▶ [ACTION ITEM] The pictures are to be left out when the listing below is reproduced word for word.

▶ [COLLECTED DATA]
· · · · · · ·
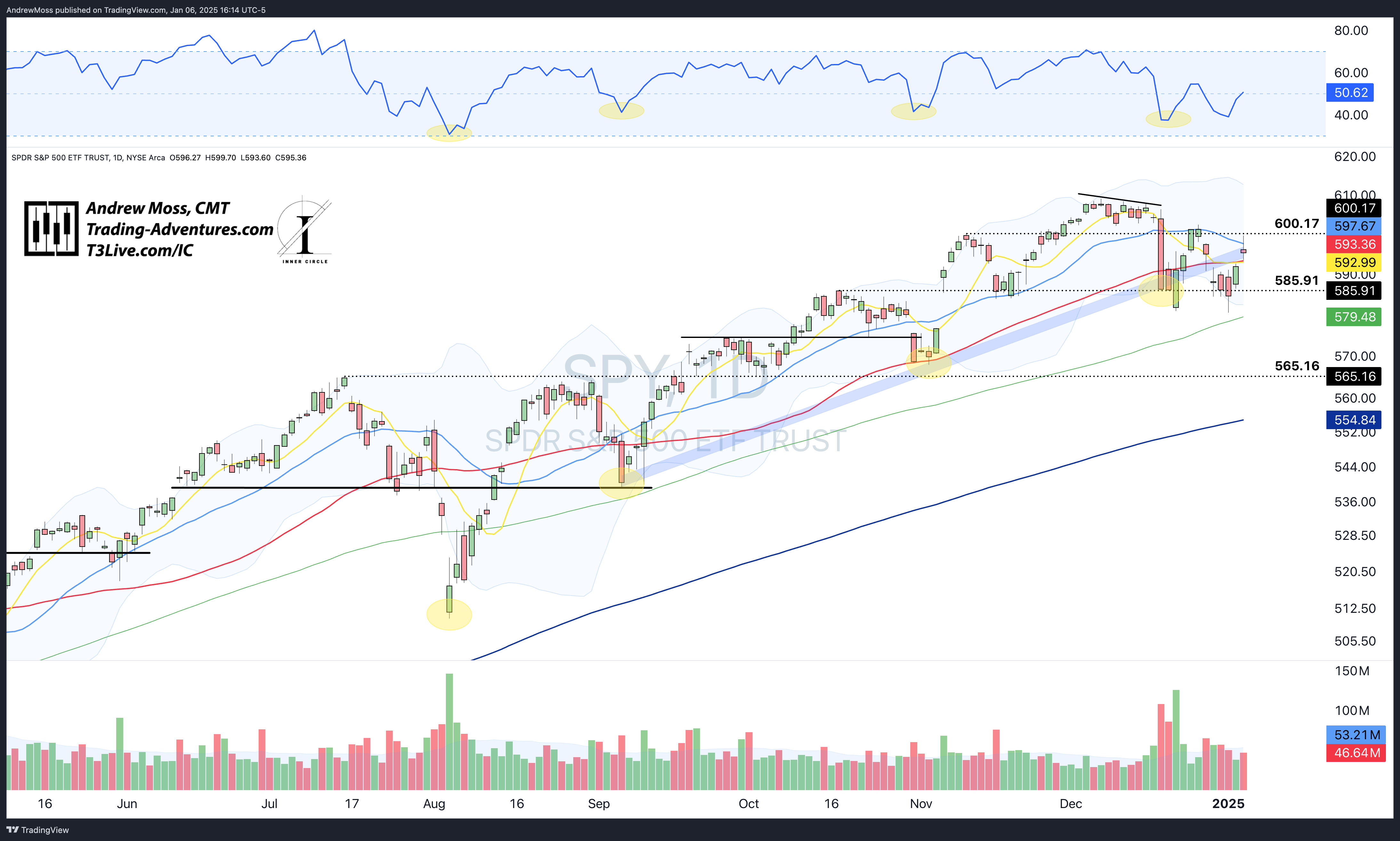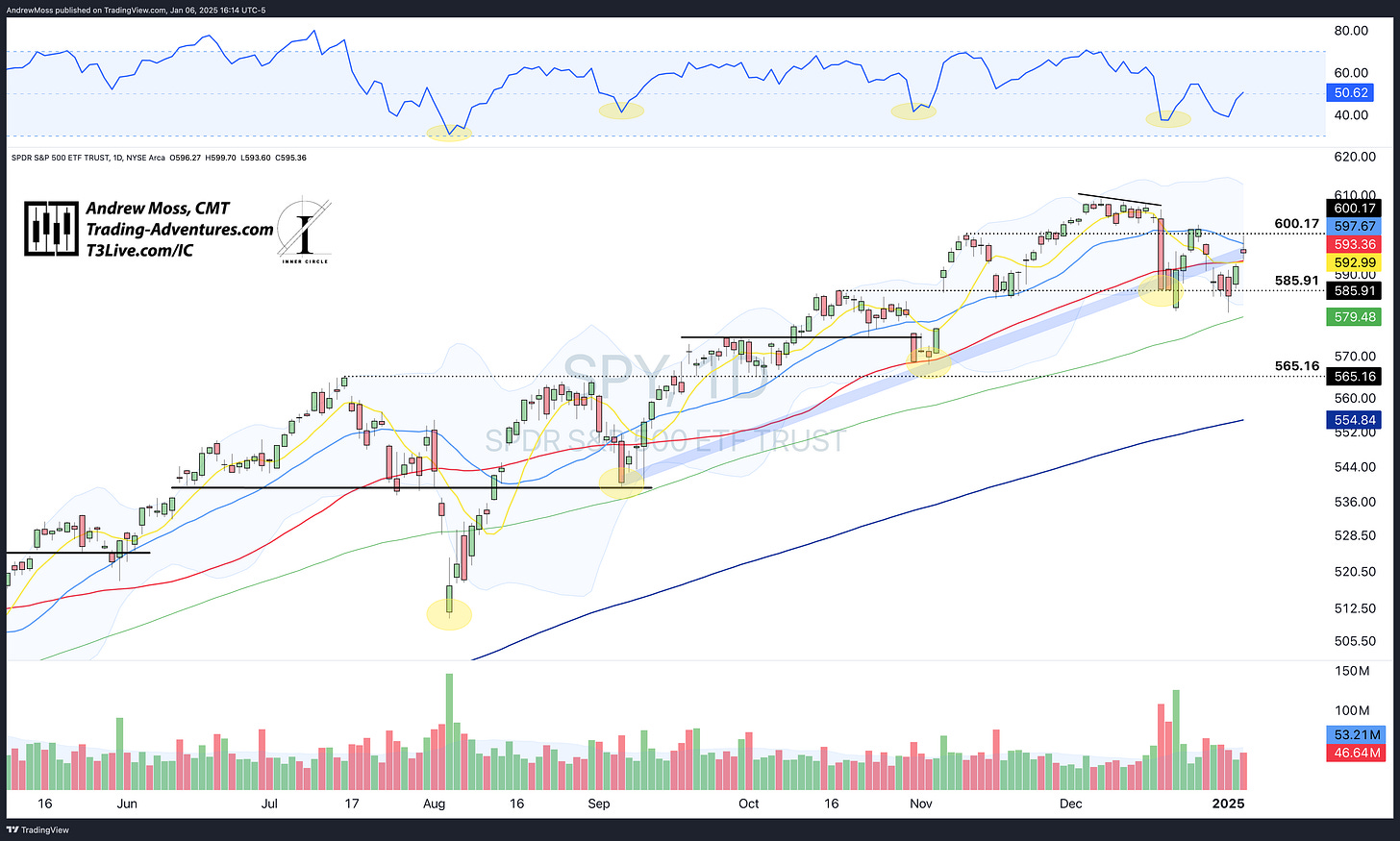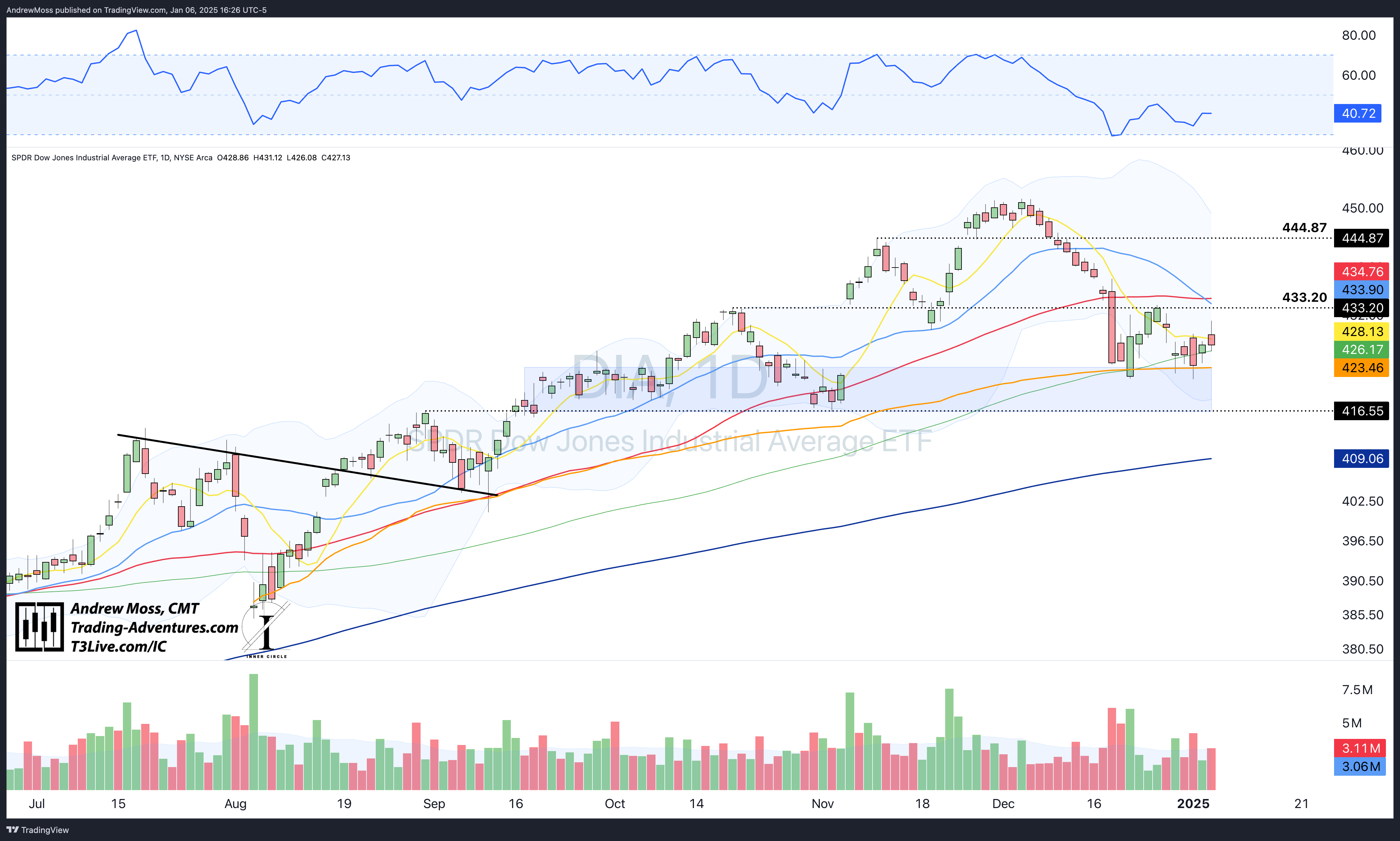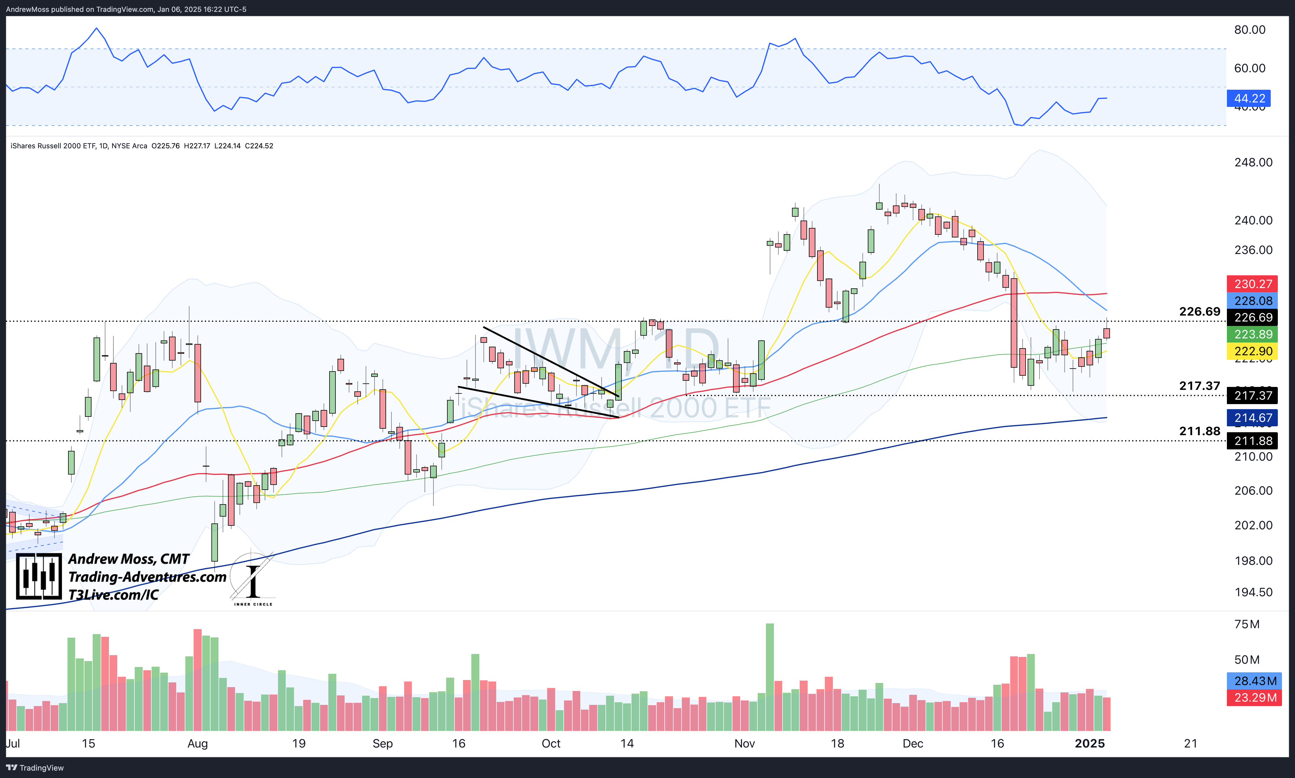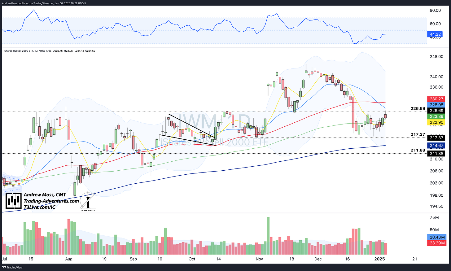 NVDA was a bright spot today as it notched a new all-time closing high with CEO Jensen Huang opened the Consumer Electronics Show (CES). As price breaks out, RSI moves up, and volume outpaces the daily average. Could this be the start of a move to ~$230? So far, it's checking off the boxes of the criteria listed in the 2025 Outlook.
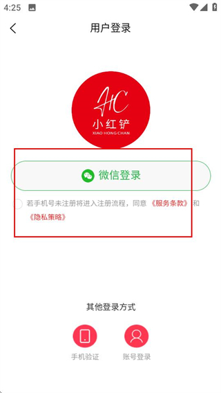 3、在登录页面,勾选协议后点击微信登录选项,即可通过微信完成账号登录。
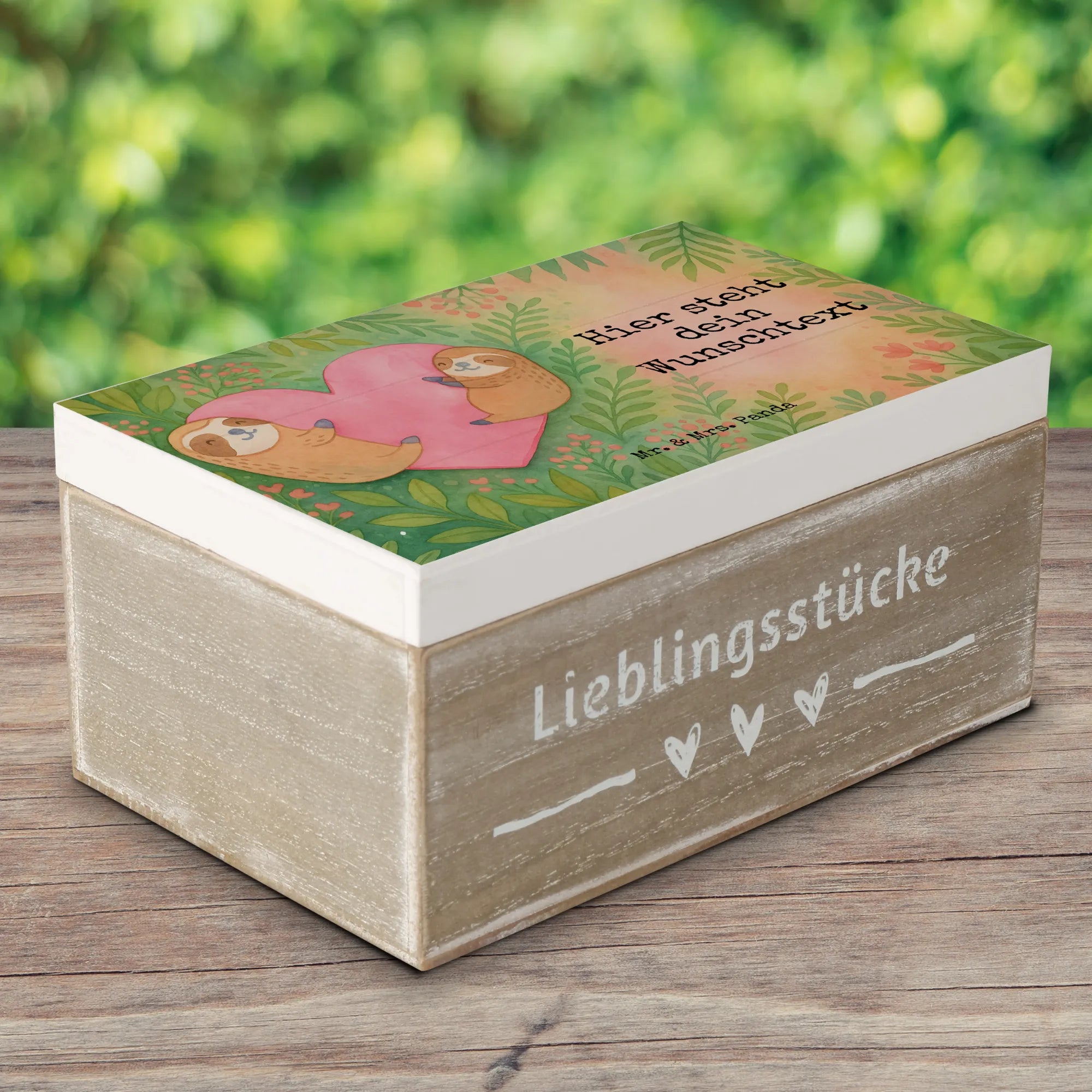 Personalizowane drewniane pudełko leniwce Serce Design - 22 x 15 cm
· · · · · · ·
▶ [WRITTEN ANSWER]
 NVDA was a bright spot today as it notched a new all-time closing high with CEO Jensen Huang opened the Consumer Electronics Show (CES). As price breaks out, RSI moves up, and volume outpaces the daily average. Could this be the start of a move to ~$230? So far, it's checking off the boxes of the criteria listed in the 2025 Outlook.
 3、在登录页面,勾选协议后点击微信登录选项,即可通过微信完成账号登录。
 Personalizowane drewniane pudełko leniwce Serce Design - 22 x 15 cm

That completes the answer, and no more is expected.